The combat feels smooth and it is technically It is possible to defeat every enemy you encounter using careful dodging and ranged attacks. In practice, the real enemy is time. Taking out an enemy’s defenses isn’t always the best option when you only have about six hours until sunrise. If it’s taking you too long to get to a faraway boss hideout, you’ll often have to return home before sunset or camp next to a cliff for a few hours.

One thing to note about the early game is that it relies very little on scripted storytelling outside of the interface text. You are placed in the world and have to understand the systems with almost no tutorials. Death is your main teacher. If you enjoyed that elden ring, then that’s probably not a problem. I find that the most interesting stories are the situations I stumbled upon by accident. Once I was badly injured by a carnivorous plant. Finally, to avoid the sunlight while my health was failing, I built my first home base next to a deadly Treant. Having mostly watched it bash wild animals, I had no idea it was one of the early game’s strongest enemies. Another time, during my third showdown with a bandit who had killed me twice before, I was ambushed by a vampire hunter. And I can’t forget the time I was able to harvest 800 pieces of wood at once because I accidentally ran into a necromancer that gas-bombed the entire forest (don’t ask) while trying to kill me. V risingThe world of is filled with opportunity and danger that can kill you in wonderfully unpredictable ways, or bring you luck when you least expect it.
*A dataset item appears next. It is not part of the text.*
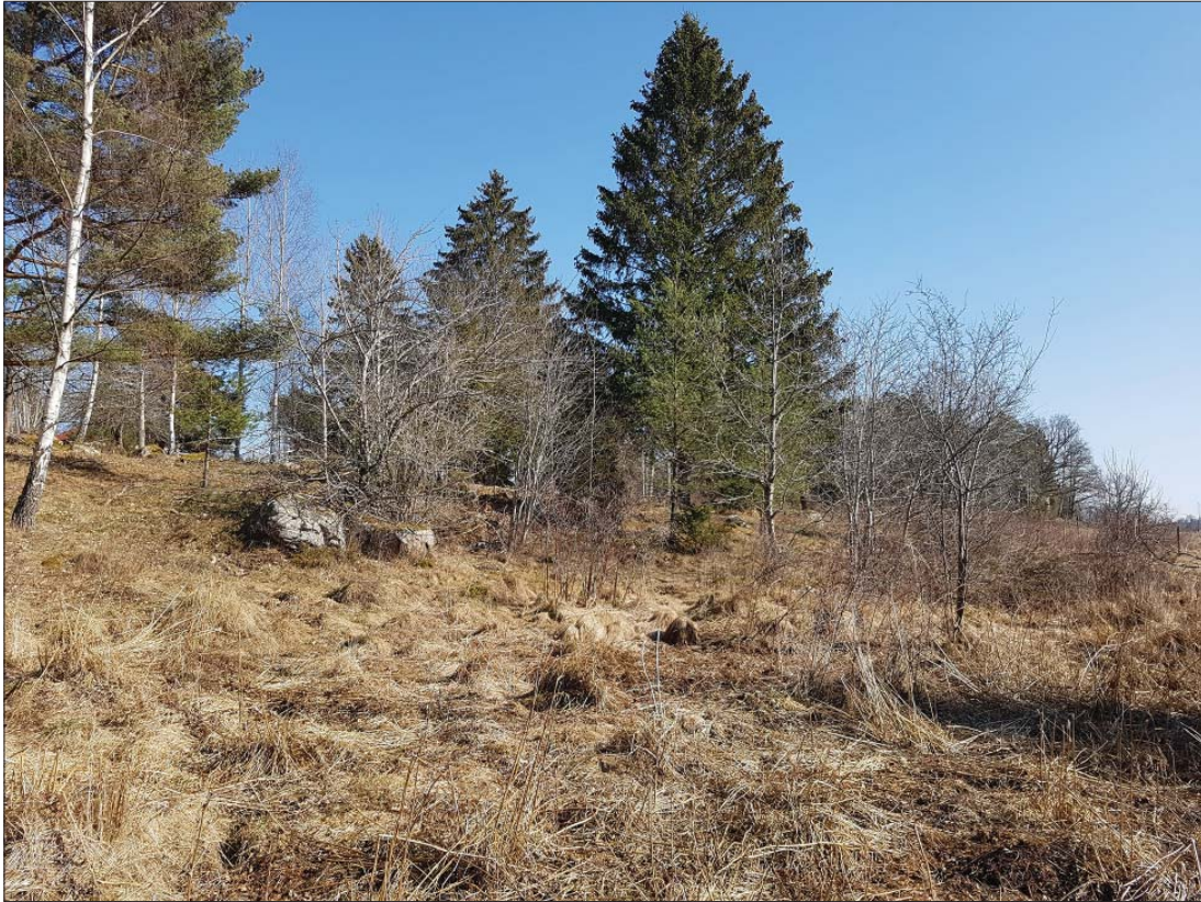
Norra delen, från väster.

Despite the inconvenience V rising manages to deal fairly with his challenges. You either learn to play conservatively or you die very quickly. And no matter how good you are at its combat system, your victories mean nothing if you can’t safely return everything you’ve gathered to base. And that’s a fascinating formula caught the attention of a million players. V rising does not offer players a world where we are gods. It gives us a hatchet and tells us to get to work.